Qu’est-ce encore que tout cela ? Sa vertu d’homme était d’une qualité bien plus rare. Point de pensée plus directe à la vie, que la sienne. Il croyait à la justice, en juste qu’il était. Il savait qu’on fonde le juste et le vrai en s’y donnant. « Il nous faut aimer le juste, et n’y pas croire », disait-il. « La justice finira par naître de nous, à force de la porter en nous. — Vais-je chercher le juste dans la vie ? lui disais-je. — Non, sans doute, me répondait-il ; sinon en nous, il n’y a pas de justice, soit ; mais là, qu’elle est sûre, qu’elle est grande… »

Jamais il ne séparait l’homme, si grand fût-il ou si bas, du genre humain ; il y avait ses foyers. De là, ce goût qui le portait à parcourir le monde, à chercher dans tous les peuples, dans toutes les races, dans la flore des coutumes et des mœurs tout ce qu’elles ont de bon à respirer ; il avait ses préférences, comme le veut la nature ; mais, comme il convient à un homme et à l’ardente curiosité de connaître, il avait, pour tout ce qui est étranger, cette sympathie qui est une vue plus profonde du cœur dans le regard de l’intelligence. Rien n’est plus rare dans un homme si jeune, dont la volonté était toujours tendue, blessée souvent, quelquefois ébranlée jusque dans les profondeurs de la confiance. La trahison même ne le déshumanisait pas : Il la prenait avec une colère douloureuse et un dégoût étonné. Il s’efforçait de la comprendre, comme un savant étudie une maladie inconnue, une espèce hideuse et jusque là non découverte. Rien n’était perdu avec lui, sauf le mal. Il était sensible, comme un enfant bien né, à la moindre marque de tendresse. Si l’on se confiait à lui, il n’aurait pas mis de borne à l’aide qu’il eût donnée. Il n’a jamais haï ; et, comme moi-même, il a beaucoup appris à dédaigner grandement : nous avons eu, pourtant, mille occasions de mépris.

Il avait de l’ambition, comme tout homme digne de vivre ; mais sans en rien attendre, eût-on dit, ni s’en rien promettre : cette ambition semblait de principe. Elle était fonction de sa volonté, ainsi que dans les meilleurs. Voilà ce qu’il avait d’incomparable : une force de vouloir si vive, qui ne dépouillait pourtant jamais le sang pur de ce cœur où elle prenait son origine. Jamais il n’a voulu que ce qui était bon et juste à ses yeux. Dans ce qui le sollicitait le plus, il savait s’effacer au profit du bien qu’il avait résolu de faire : sacrifice joyeux, qu’il n’obtenait pas du tout de lui par une raison morale, ni pour obéir à une théorie, mais par nature, parce qu’il était ainsi fait, que son grand cœur n’était plein que de bonté humaine et de force pour le bien.
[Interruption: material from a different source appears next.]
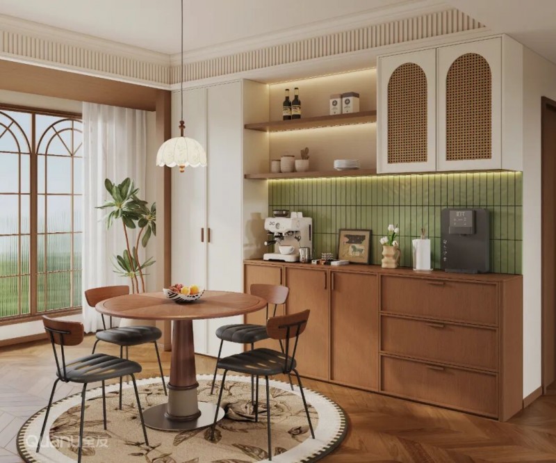 空间注重大面积留白,柜体多选用橡木、胡桃木等实木,呈现出舒适质朴的居家氛围。

Il riait peu ; mais il souriait presque toujours, jusque dans la tristesse. C’est qu’il avait vu beaucoup de mal dans le monde, et qu’il y portait beaucoup de bien. Aussi, que de douceur dans son sourire, et de malice ingénue. Il avait une exquise précision dans les mouvements. Il semblait ne se hâter jamais, même quand il marchait du pas le plus rapide. Cette harmonie de l’énergie produite et du travail à produire frappait surtout en lui. C’est un trait des marins, comme l’alliance de la rêverie intérieure à la volonté toujours prête et au goût d’agir. Hélas, il comptait trop rester le maître de ses allures : cette maîtrise, un jour, l’a trahi.
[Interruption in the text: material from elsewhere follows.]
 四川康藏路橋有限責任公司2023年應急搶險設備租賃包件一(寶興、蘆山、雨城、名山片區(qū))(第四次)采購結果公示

Loin de n’y pas être sensible, il avait l’horreur de la maladie, et cette impatience des misères charnelles qui est commune aux hommes de la plus grande bravoure. Ils veulent faire le sacrifice de leur vie ; ils ne veulent pas la donner en miettes. De cent héros capables de courir à la mort, il n’en est pas un qui voulût asseoir vingt ans de sa vie au chevet d’une femme malade, ou soigner le cancer d’un fils. Il l’eût peut-être fait ; mais il n’eût jamais consenti qu’on le fît pour lui.

Autant il mettait de temps et de soin à se faire une opinion sur quelque problème, autant il avait de promptitude dans la résolution. Il s’irritait également des esprits présomptueux, et des soldats qui hésitent. Il se décidait dans l’action avec une rapidité éclatante : ses yeux étaient alors de feu pour voir le but et le brûler en quelque sorte. Et, certes, s’il avait jamais eu l’occasion d’en prendre la charge, il aurait abondé en actions décisives. Mais en vain était-il tout action : au midi de la lutte, comme la lumière a toujours son ombre, la douceur humaine ne le quittait pas. Il voulait le bien du monde, comme un artiste veut la perfection.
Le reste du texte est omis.